The United Arab Emirates and Bahrain on Tuesday will become the latest Arab states to break a longstanding taboo when they sign agreements toward normalizing relations with Israel in a strategic realignment of Middle Eastern countries against Iran.
U.S. President Donald Trump will host the White House ceremony at noon EDT (1600 GMT), capping a dramatic month when first the UAE and then Bahrain agreed to reverse decades of ill will without a resolution of Israel’s decades-old dispute with the Palestinians.
At the U.S.-brokered ceremony, Israeli Prime Minister Benjamin Netanyahu will sign agreements with Emirati Foreign Minister Sheikh Abdullah bin Zayed al-Nahyan and Bahrain’s Foreign Minister Abdullatif Al Zayani.
The deals make them the third and fourth Arab states to take such steps to normalize ties since Israel signed peace treaties with Egypt in 1979 and Jordan in 1994.
The back-to-back agreements, which have drawn bitter condemnation from the Palestinians, mark an improbable diplomatic victory for Trump. He has spent his presidency forecasting deals on such intractable problems as North Korea’s nuclear program only to find actual achievements elusive.
Trump is up for re-election on Nov. 3 and the accords could help him shore up support among pro-Israel Christian evangelical voters, an important part of his political base.

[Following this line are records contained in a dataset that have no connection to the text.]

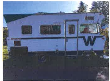
Abandoned vehicle removed by owner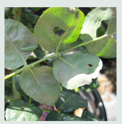
Tell tale holes in leaves are a clue that you should turn over a few leaves and try to spot these green, caterpillar-like larvae.

However, some take longer to work which gives more time for damage to occur. Once Rose Slug is detected on the plant, a quick acting spray should be used to knock them down. Bonide Eight and Bio Advanced 3-in-1 Insect Disease and Mite Con trol will work very effectively and quickly. They are best applied with a hose end sprayer to insure that the underside of the foliage, where the Rose Slugs are hiding, is treated. For a more organic approach, consider using Captain Jacks Dead Bug Brew with spinosad as the active ingredient, again making sure the underside of the foliage is treated. Usually two to three applications seven days apart are enough to break the life cycle of the saw fly and get the Rose Slugs under control. No matter what you spray, make sure that you do it at a time when bees are not active. Spraying in the evenings is a good plan as the bees are not as active and the plants have a chance to dry overnight.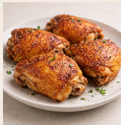
3 Crispy Air Fryer Chicken Thighs (Juicy, Skin-On)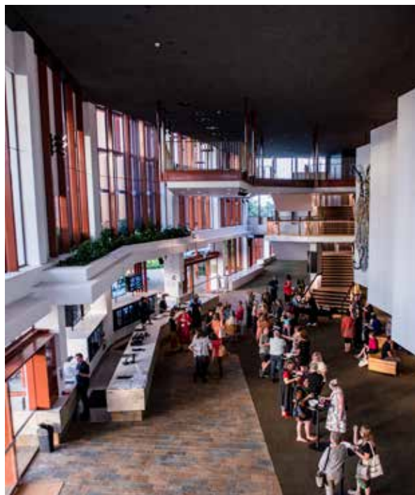
Guests arriving at the Cairns Performing Arts Centre for the GAMAA presentation event.

M&G QLD also acknowledges the support of Public Galleries Queensland and Australian Museums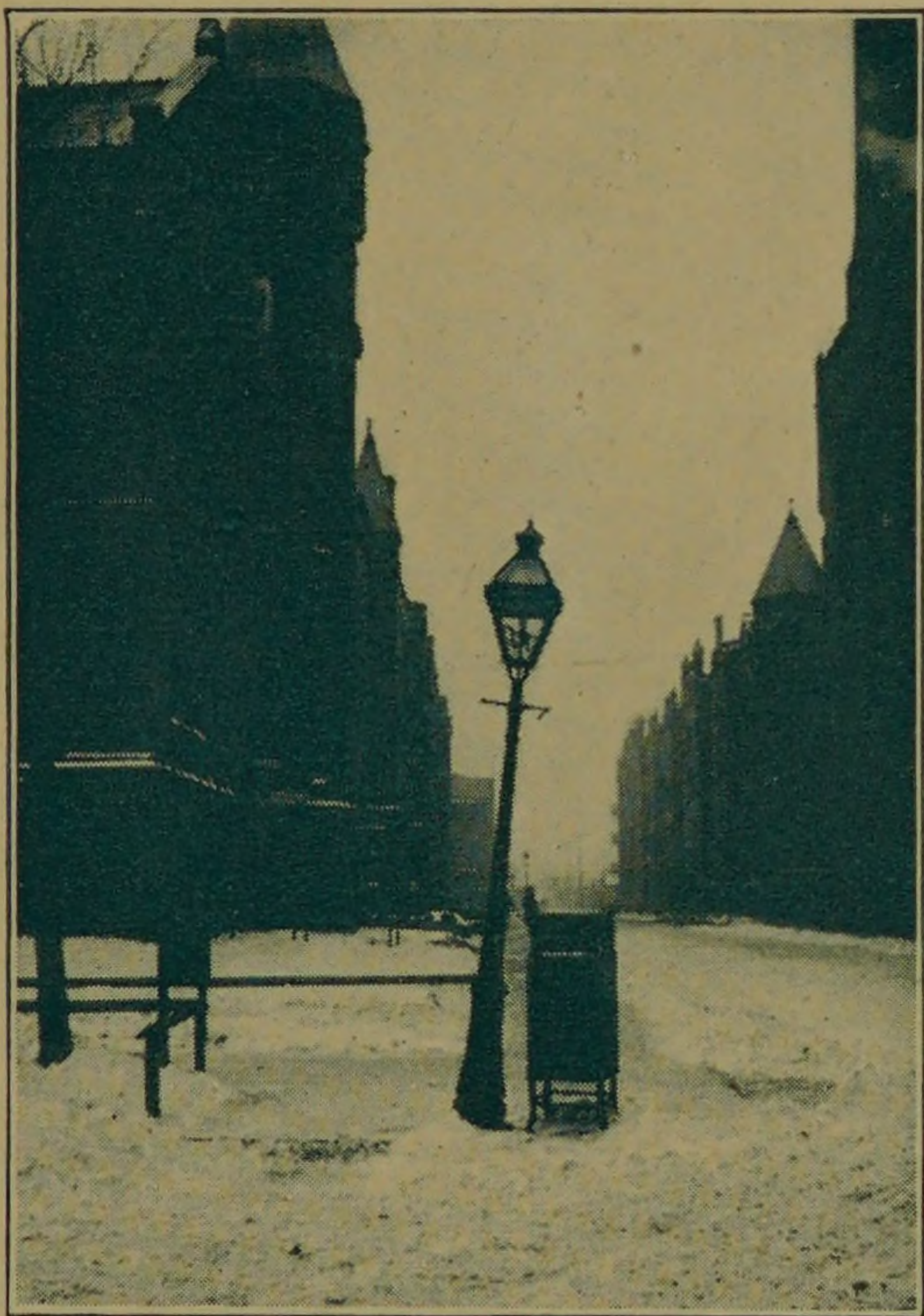
THE LEANING TOWER OF ARMOUR

Bringing Israel, the UAE and Bahrain together reflects their shared concern about Iran’s rising influence in the region and development of ballistic missiles. Iran has been critical of both deals.

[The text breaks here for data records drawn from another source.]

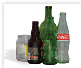
Bottles and Jars (no lids, empty & rinse)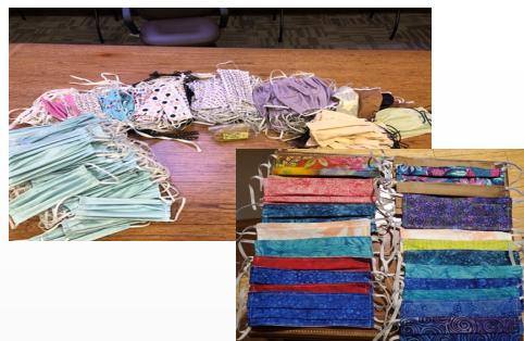
Community Members donate over 400 handmade masks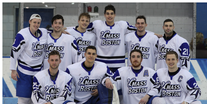
The men's hockey team earned their regular season title on Senior Night.

UMass Boston currently serves more than 650 student veterans, their family members, and guardsmen and women. The campus's Office of Veterans Affairs recruits, provides financial assistance, and guides veterans and their dependents through their higher education experience and beyond, managing $4 million in federal GI benefits.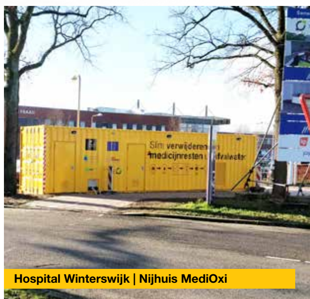
Hospital Winterswijk | Nijhuis MediOxi

The MediOxi solution of Nijhuis Industries is a treatment-at-the-source focused solution for medicine and micropollutant removal. It uses different filtration and separation techniques and a combination of oxidative techniques to convert recalcitrant compounds into biological degradable molecules. Using sufficient dosing and the correct combination of techniques, it is possible to reach significant reduction of medical residues or convert them so they can be further degraded inside a conventional wastewater treatment plant. The solution can be completely containerized and placed at sources like hospitals, elderly homes, or pharmaceutical companies. Nijhuis Industries has already proven to be able to remove a wide variety of medicines and x-ray contrast media effectively (>80%) from hospital wastewater.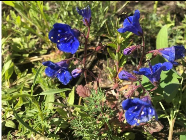
California Bluebells flowering.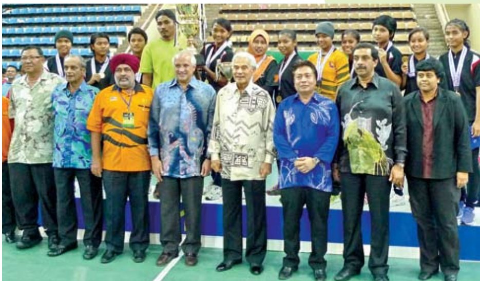
Malacca won the Womens Indoor Hockey tournament this year.

In 1975, at the Hockey World Cup tournament held in Kuala Lumpur, Malaysia emerged 4th after they were beaten by Germany, ranking them as 4th best in the world after India, Pakistan and West Germany. Subsequently, in the Junior World Cup held in Paris in 1979 and again in 1982 in Kuala Lumpur, Malaysia was ranked 4th in both events.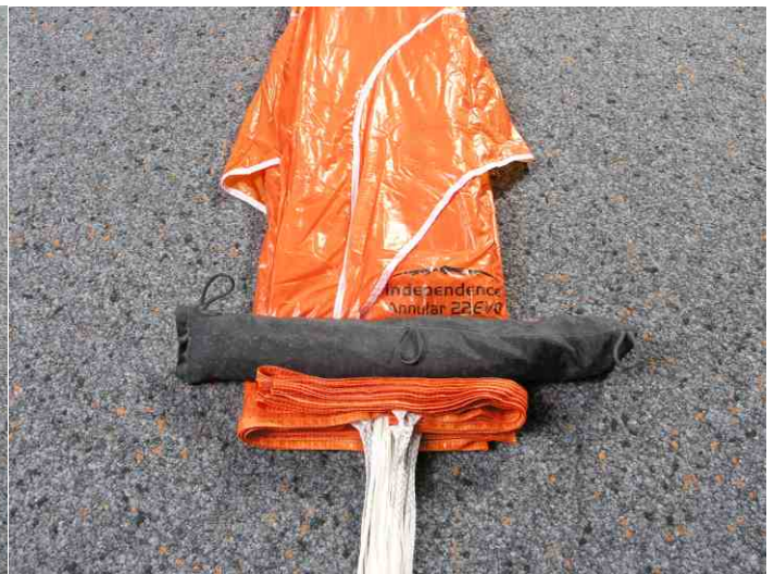
8. Fold the parachute like a "S", and pull out the Ram-Air-Pockets a little bit to the side.

“Instead of focusing on past conflicts, people are now focused on creating a vibrant future filled with endless possibilities,” White House senior adviser Jared Kushner said in a statement late on Monday. Kushner helped negotiate the agreements and is trying to persuade more Gulf countries to strike similar accords with Israel.
One target of White House appeals is Oman, whose leader spoke with Trump last week.
Another is Saudi Arabia, the biggest Gulf Arab power. So far the Saudis, whose king is custodian of Islam’s holiest sites and rules the world’s largest oil exporter, have signaled they are not ready.
Although a diplomatic win for Netanyahu, the signing ceremony takes place while he faces criticism at home of his handling of the coronavirus pandemic and a corruption trial on charges of bribery, fraud and breach of trust that has led to frequent street protests.
Netanyahu denies any wrongdoing and describes his trial as a leftist political witch-hunt aimed at unseating a popular right-wing leader.
Netanyahu signaled on Monday that Israel’s deals with the two Gulf Arab states may still be works in progress.
A senior Trump administration official said that the documents were complete or nearly finished, that Israel would sign separate agreements with each of the Gulf states and that then the United States would join all three in signing a common document known as the Abraham Accords. But the official declined to provide specifics.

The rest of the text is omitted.